Rivers was not the only Sixers staffer impacted by the virus during the past week, as assistants Sam Cassell and Brian Adams remained in protocols Wednesday. Dave Joerger is also still away from the team while undergoing cancer treatment.
“I’m looking at Dan [while watching a game and realized], ‘Wait a minute, he’s the only bench coach left,’” Rivers said. “A lot of staffs are like that.”
While isolating, Rivers and players kept tabs on each other because “sometimes it’s not just about basketball. We had to check him out if he’s doing all right, how he feels,” reserve guard Furkan Korkmaz said. Rivers also talked regularly with other coaches in the same predicament. Some, Rivers said, “were actually feeling poorly.” But the ones who were asymptomatic were “frustrated that they couldn’t get out there.”

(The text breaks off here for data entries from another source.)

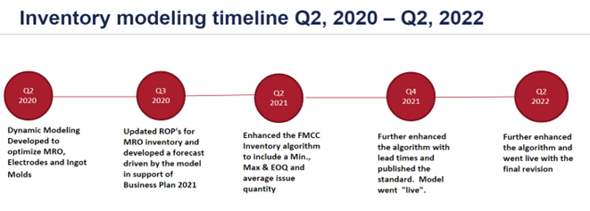 Now, with the click of a button, the system accesses, and queries data from Metallus’ database, runs an optimization algorithm for each item based on historical consumption and current lead time calculations, and produces a set of recommendations: when items should be reordered and in what quantity. When the balance of any one inventory item drops below a certain threshold, the system will trigger a buy. Thresholds are set so as to account for global supply chain events, including longer than average lead times.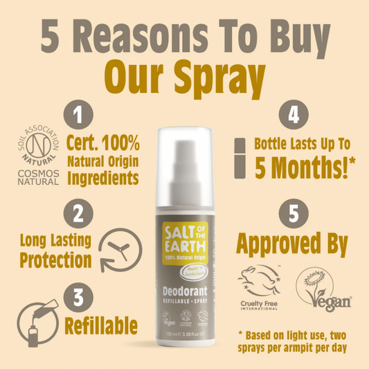 Amber & Sandalwood Deodorant Refillable Spray 100ml | Salt of the Earth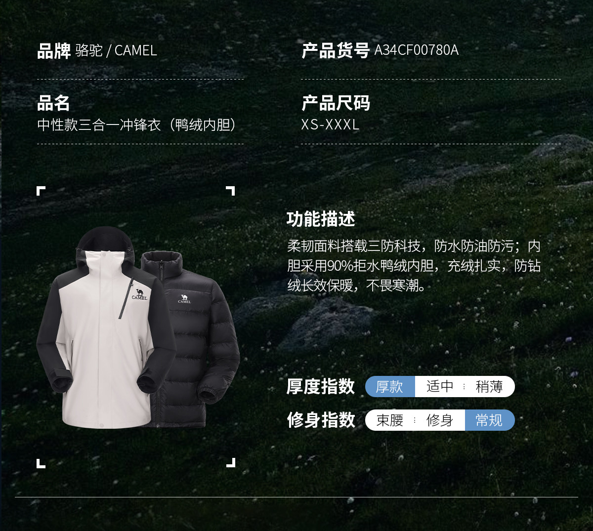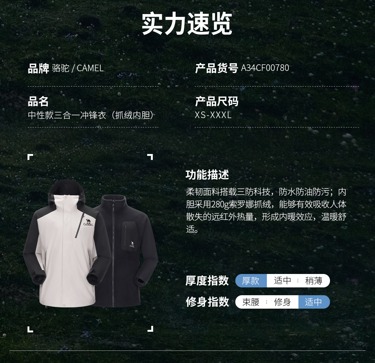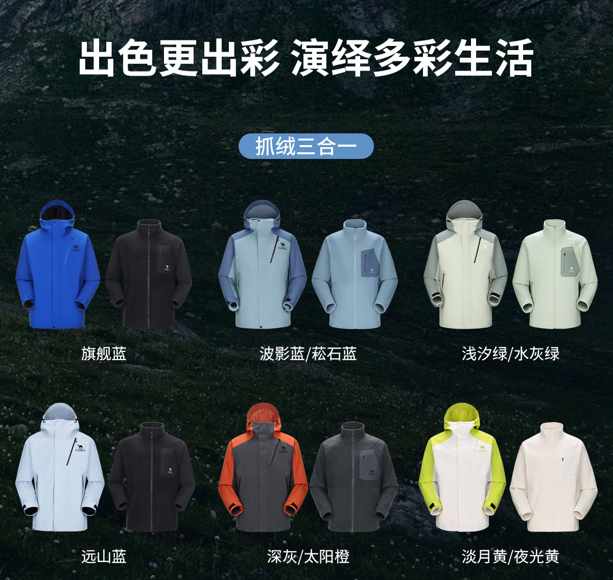 Camel King Kaijia 26 Outdoor Jacket Men's 3-in-1 Windproof Fleece Liner Warm Travel Jacket Women's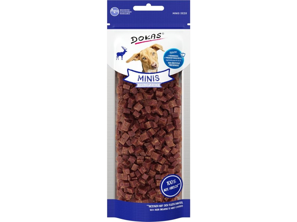 Mini kostičky z jeleního masa se skvěle hodí na trénink nebo pro odměňování při fyzicky náročných aktivitách, kdy je důležité psovi dodávat energii ale nepřekrmovat ho. Snadno je schováte do různých hraček a čmuchacích koberečků a díky svým drobným rozměrům jsou vhodné i pro ty nejmenší chlupáče. Kostičky obsahují L-karnitin, který pomáhá tělu spalovat tuky tím, že je přeměňuje na energii. Hodí se tak i pro chlupáče, co si udržují svou váhu! Obsažené fruktooligosacharidy (FOS) fungují jako probiotika. Podporují růst prospěšných bakterií ve střevech a přispívají k lepšímu trávení a celkovému zdraví střevní mikroflóry. Složení: jelení maso 93 %, vedlejší rostlinné produkty, fruktooligosacharidy, minerály Nutriční doplňkové látky na kg: L-karnitin 300 mg Analýza: hrubé bílkoviny 41 %, hrubé oleje a tuky 5 %, hrubé popeloviny 3,7 %, hrubá vláknina 0,5 %, vlhkost 25 % S Dokas máte jistotu, že váš pes dostává jen to nejlepší. Pamlsky Dokas jsou bez konzervantů, umělých barviv, dochucovadel a přidaného cukru a jejich výroba podléhá pravidelným kontrolám kvality, které provádí celosvětově uznávaný institut SGS Institut Fresenius – nezávislá německá laboratoř testující kvalitu potravin. Pamlsky jsou baleny v sáčku s praktickým znovu uzavíratelným zipem, což zaručuje, že zůstanou déle čerstvé a voňavé. Pro zachování kvality balení rovněž obsahuje kyslíkový absorbér. Podávejte jako odměnu. Zajistěte dostatek pitné vody.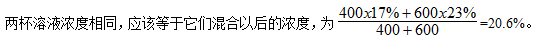 例題3:甲杯中有濃度為17%的溶液400克,乙杯中有濃度為23%的同種溶液600克,現(xiàn)在從甲、乙取出相同質(zhì)量的溶液,把甲杯取出的倒入乙杯中,把乙杯取出的倒入甲杯中,使甲、乙兩杯溶液的濃度相同,問現(xiàn)在兩杯溶液濃度是多少?( )

“But it’s for our protection [and] it’s for everybody’s protection,” Rivers said. “That’s one thing with this virus: It’s not just about us. It’s about everybody.”
Carlisle, who has known Burke for nearly 30 years, said he hoped this stint in the top chair illustrated that Burke deserves to be a candidate for future NBA head-coach openings. Rivers said Burke and the rest of the shorthanded staff did a “phenomenal” job during the Sixers’ two wins at Brooklyn and against Houston, and with the preparation work between those games.
Their readiness allowed Rivers to spend nearly a week pseudo-coaching from his living room, before stepping back onto the sideline for the Sixers’ fifth consecutive win.
“It wasn’t hard [to watch from afar],” Rivers said, “because I wasn’t there.”